Matthew records a summary of sorts to all that he has recorded regarding Jesus's miracles and healings. Although many from the crowds received healing and deliverance, there where many times more that were not healed due to proximity and sheer numbers.

As Jesus surveyed the landscape He has compassion on the people, and states that there is a great harvest available, but few workers to bring it in.

Jesus did not see "sinners", He saw people who were distressed and down trodden. He viewed the people as sheep without a shepherd. It is the religious that have left the people in such sad shape. This will lead to the commissioning of the 12 apostles in the next chapter.

Eze 34:1-6 The word of the LORD came to me: (2) "Son of man, prophesy against the shepherds of Israel; prophesy and say to them: 'This is what the Sovereign LORD says: Woe to you shepherds of Israel who only take care of yourselves! Should not shepherds take care of the flock? (3) You eat the curds, clothe yourselves with the wool and slaughter the choice animals, but you do not take care of the flock. (4) You have not strengthened the weak or healed the sick or bound up the injured. You have not brought back the strays or searched for the lost. You have ruled them harshly and brutally. (5) So they were scattered because there was no shepherd, and when they were scattered they became food for all the wild animals. (6) My sheep wandered over all the mountains and on every high hill. They were scattered over the whole earth, and no one searched or looked for them.
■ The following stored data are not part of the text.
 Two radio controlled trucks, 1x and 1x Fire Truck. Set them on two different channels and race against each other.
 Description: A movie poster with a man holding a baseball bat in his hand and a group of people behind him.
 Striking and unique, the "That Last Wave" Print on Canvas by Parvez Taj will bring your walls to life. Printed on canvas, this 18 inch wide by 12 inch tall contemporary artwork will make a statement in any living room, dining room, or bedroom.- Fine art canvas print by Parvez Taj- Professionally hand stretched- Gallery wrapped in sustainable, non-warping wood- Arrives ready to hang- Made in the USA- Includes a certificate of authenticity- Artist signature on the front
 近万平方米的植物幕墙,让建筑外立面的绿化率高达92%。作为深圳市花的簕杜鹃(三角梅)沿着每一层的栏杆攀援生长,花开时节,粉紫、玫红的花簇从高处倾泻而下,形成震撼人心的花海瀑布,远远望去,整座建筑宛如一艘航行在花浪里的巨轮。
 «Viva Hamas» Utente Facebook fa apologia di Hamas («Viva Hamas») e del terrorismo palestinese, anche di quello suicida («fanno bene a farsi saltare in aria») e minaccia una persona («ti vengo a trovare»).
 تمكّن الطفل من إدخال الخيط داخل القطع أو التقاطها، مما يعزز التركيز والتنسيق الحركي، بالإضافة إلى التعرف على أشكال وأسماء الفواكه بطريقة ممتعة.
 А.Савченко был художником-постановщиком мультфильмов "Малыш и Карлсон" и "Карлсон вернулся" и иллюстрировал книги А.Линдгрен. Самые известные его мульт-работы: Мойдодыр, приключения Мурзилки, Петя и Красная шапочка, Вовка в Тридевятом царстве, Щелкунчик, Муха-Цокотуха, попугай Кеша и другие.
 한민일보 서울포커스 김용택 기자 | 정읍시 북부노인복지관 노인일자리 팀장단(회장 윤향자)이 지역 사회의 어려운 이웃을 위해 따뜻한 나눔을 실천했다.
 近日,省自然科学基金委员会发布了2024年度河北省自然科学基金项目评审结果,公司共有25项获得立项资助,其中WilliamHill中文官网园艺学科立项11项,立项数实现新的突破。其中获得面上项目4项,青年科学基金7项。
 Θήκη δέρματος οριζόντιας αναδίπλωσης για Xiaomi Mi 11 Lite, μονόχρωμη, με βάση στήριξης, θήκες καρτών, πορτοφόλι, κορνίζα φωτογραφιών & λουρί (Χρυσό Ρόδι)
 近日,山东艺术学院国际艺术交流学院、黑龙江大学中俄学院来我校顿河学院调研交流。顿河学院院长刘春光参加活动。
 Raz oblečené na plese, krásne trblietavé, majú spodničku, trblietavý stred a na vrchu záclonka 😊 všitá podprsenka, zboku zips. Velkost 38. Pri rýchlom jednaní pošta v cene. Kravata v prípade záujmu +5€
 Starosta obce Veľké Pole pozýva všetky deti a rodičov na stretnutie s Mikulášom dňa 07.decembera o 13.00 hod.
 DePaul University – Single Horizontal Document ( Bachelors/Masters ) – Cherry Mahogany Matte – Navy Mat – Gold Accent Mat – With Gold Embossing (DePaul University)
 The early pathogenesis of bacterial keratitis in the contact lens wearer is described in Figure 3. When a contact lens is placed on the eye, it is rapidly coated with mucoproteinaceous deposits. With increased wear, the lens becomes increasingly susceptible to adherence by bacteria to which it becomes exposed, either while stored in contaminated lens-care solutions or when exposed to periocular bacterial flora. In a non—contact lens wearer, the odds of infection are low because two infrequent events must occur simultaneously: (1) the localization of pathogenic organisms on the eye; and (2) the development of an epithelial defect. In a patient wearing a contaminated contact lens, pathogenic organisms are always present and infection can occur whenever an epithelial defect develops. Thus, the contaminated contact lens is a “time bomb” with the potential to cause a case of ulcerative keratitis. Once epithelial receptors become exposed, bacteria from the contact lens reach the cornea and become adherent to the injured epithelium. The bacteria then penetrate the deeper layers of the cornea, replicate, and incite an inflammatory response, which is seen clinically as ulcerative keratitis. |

Could their be a parallel today in mega churches where leadership is more concerned with growing the church and their reputations than caring for the people? The analogy of sheep is appropriate for people, being easily confused, tending to get lost, without defensive capabilities themselves. Jesus expected the shepherds to care for these people, but they had not.

This passage is not a "soul winning" passage, being addressed to and intended to care for the scattered people of God who need a shepherd.

Eph 4:11-14 So Christ himself gave the apostles, the prophets, the evangelists, the pastors and teachers, (12) to equip his people for works of service, so that the body of Christ may be built up (13) until we all reach unity in the faith and in the knowledge of the Son of God and become mature, attaining to the whole measure of the fullness of Christ. (14) Then we will no longer be infants, tossed back and forth by the waves, and blown here and there by every wind of teaching and by the cunning and craftiness of people in their deceitful scheming.

Act 20:28-30 Keep watch over yourselves and all the flock of which the Holy Spirit has made you overseers. Be shepherds of the church of God, which he bought with his own blood. (29) I know that after I leave, savage wolves will come in among you and will not spare the flock. (30) Even from your own number men will arise and distort the truth in order to draw away disciples after them.